El señor Bliss negó con la cabeza.

—No, Serpine no piensa amenazar a nadie. A juzgar por sus palabras, considera el Cetro de los Antiguos como un paso intermedio, una herramienta para conseguir lo que está buscando.

—¿Y qué está buscando?

El señor Bliss se quedó mirando el mar sin decir nada.

—No lo entiendo —dijo Skulduggery—. ¿Es que has estado hablando con él?

—Sí, esta mañana —contestó el señor Bliss con un tono extraño, como resignado. Stephanie entrecerró los ojos: algo iba mal, terriblemente mal. Dio un paso atrás, pero Skulduggery estaba demasiado embebido en la conversación para darse cuenta.

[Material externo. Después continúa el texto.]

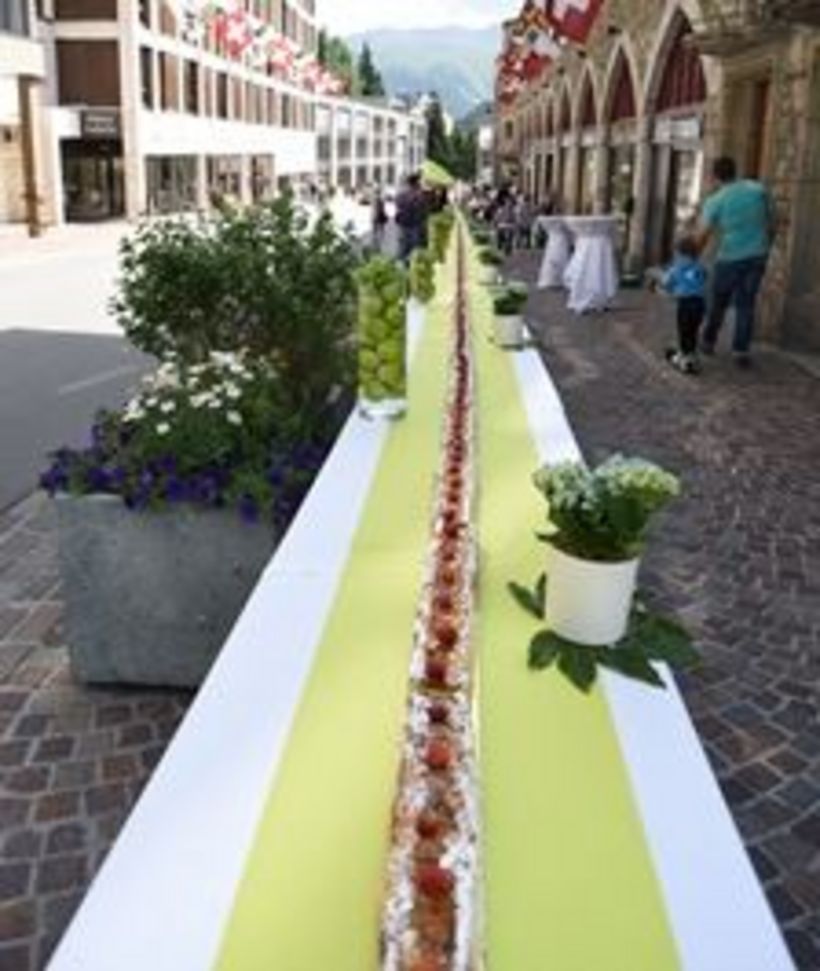 Mit 120 Metern Apfelstrudel, die direkt vor den Pforten des Hotels aufgebaut wurden, läutet das Badrutt's Palace Hotel am Sonntag die Festwoche ein. Das Team rund um Stefan Gerber, Chef Pâtissier im Traditionshotel, baute die überdimensionale Gaumenfreude am Sonntagmittag vom früheren ‹Café Palace› bis hinunter zum Luxusgeschäft ‹Loro Piana› auf, sodass alle Besucher den Apfelstrudel bis zum späten Nachmittag geniessen konnten

—¿Estuviste con él? —preguntó el detective acercándose a Bliss—. ¿Estuviste con él y no intentaste apresarlo?

—Los límites de su poder son desconocidos para mí, y nunca empiezo batallas que no estoy seguro de ganar. Era demasiado peligroso.

—¿Dónde está? ¡Los Mayores lo están buscando!

—No tienen por qué. El irá a su encuentro en el momento adecuado.

—¿Para qué os visteis?

—Serpine tenía algo que decirme. Yo lo escuché.

—¿De qué estás hablando?

—Ya sabía lo de las cuevas. Lo único que le faltaba era conseguir la llave.

Skulduggery y Bliss se miraron de hito en hito. Stephanie se dio cuenta de que su amigo estaba justamente al borde del acantilado.

Bliss posó la mano en el pecho de Skulduggery y, antes de que Stephanie pudiera gritar siquiera, lo empujó. Skulduggery salió despedido hacia atrás y se perdió inmediatamente de vista. Entonces el señor Bliss se volvió hacia ella.